As one of the most successful illustrators in the UK, Mr Bingo has worked with the likes of The Mighty Boosh, Wired and QI (he designed the cover for the BBC series’ book). Now living in east London, he’s ascended to what some would call illustration’s dizzying heights. However, we decided to ask him about his sleepy hometown, and why he left. Where did you grow up? Can you describe the sort of place it is? “I’m 32 years old and I still haven’t grown up. If you mean where I lived when I was younger, it was a village called Leigh, in Kent. It’s a small, middle-class village where only white people live.

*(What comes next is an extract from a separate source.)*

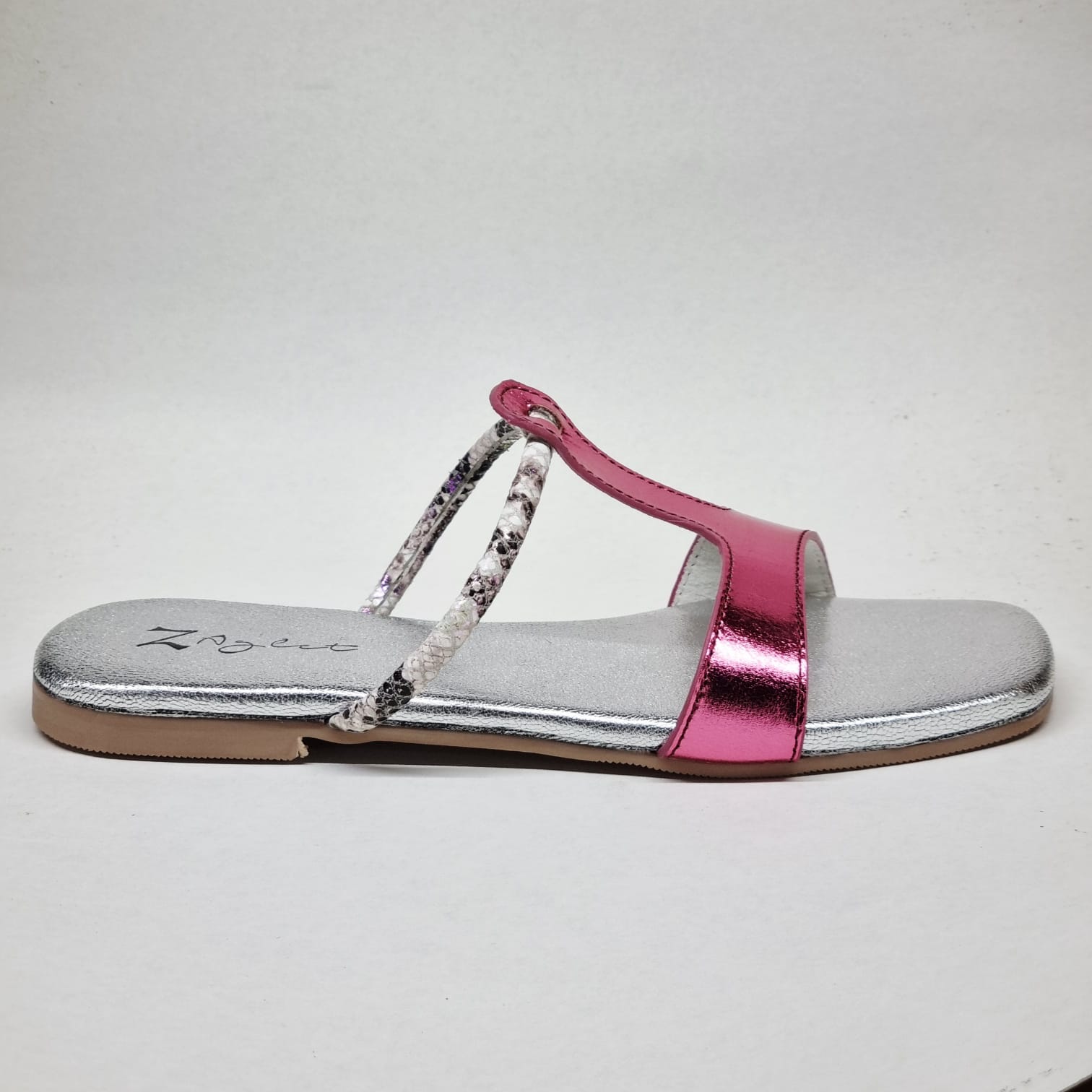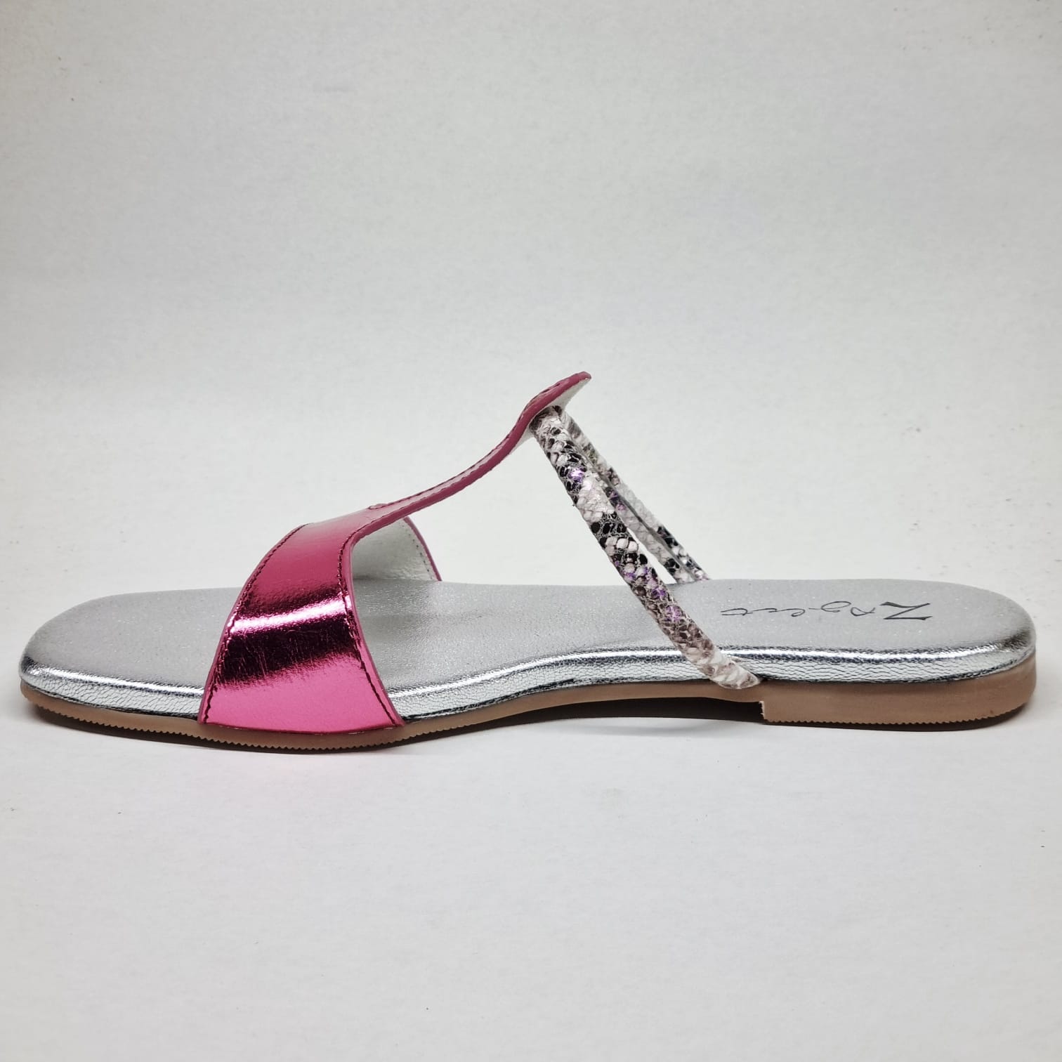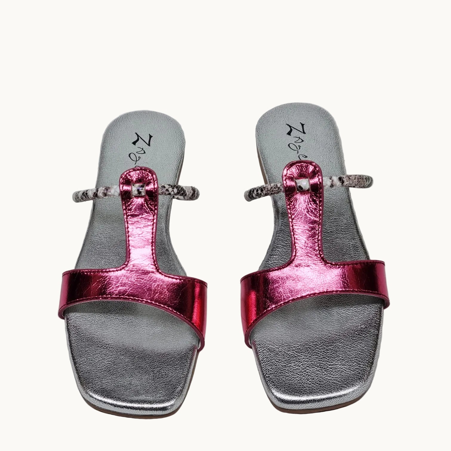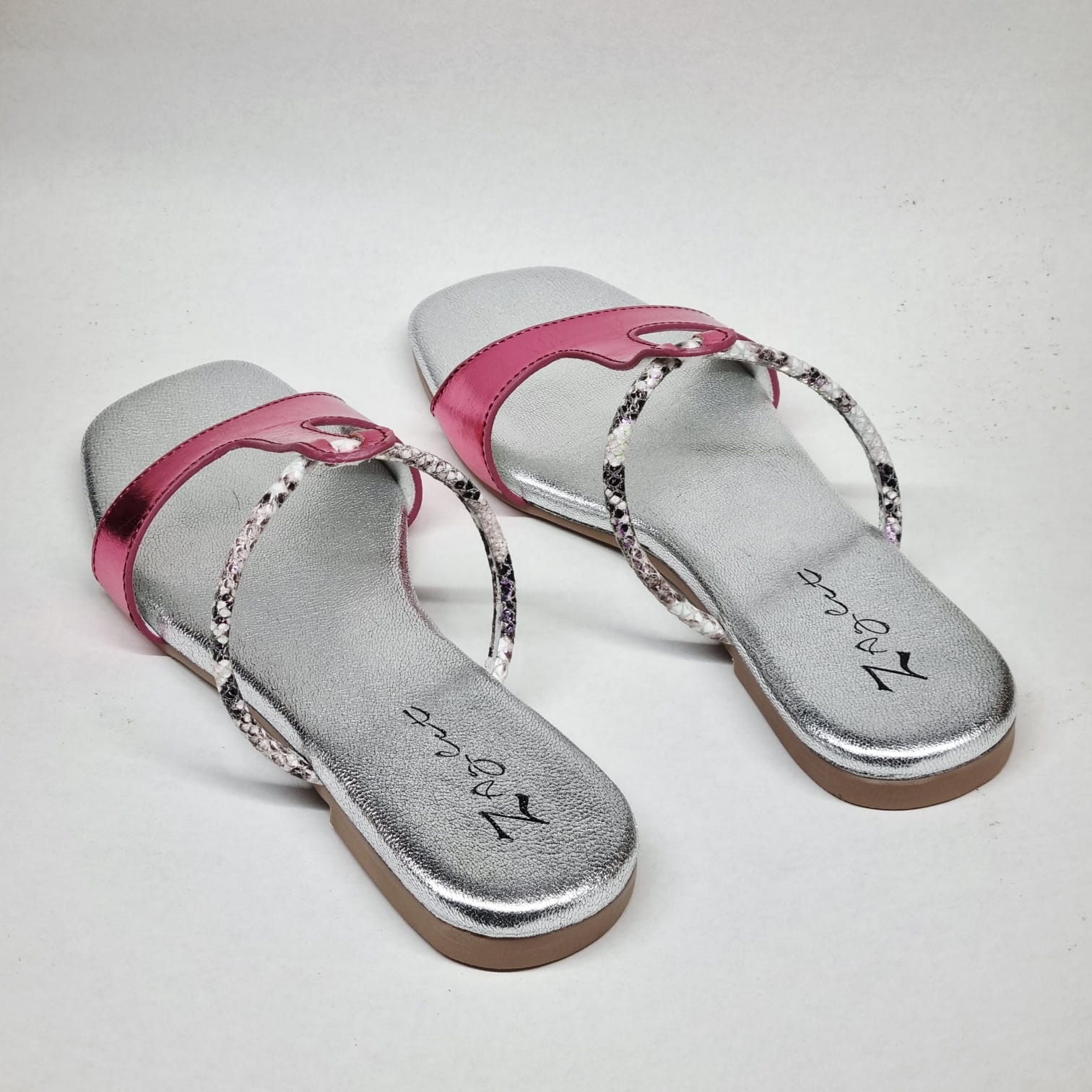 A confident pop of colour that feels straight off a runway after-party. High-shine pink leather slices through a cool silver base, while the slim textured strap adds just enough intrigue. Playful yet polished, this pair is made for nights that start casual and end unforgettable.

People play cricket on the village green and the most important thing that ever happened there was when it won the Tidiest Village award in 1951. The village and its entire history is summarised on its Wikipedia entry in 66 words.” What was your favourite place to hang out there? “As a child the village green was pretty amazing; we used to play a lot of football there. The village was surrounded by fields too, so there were a lot of adventures to be had out there.”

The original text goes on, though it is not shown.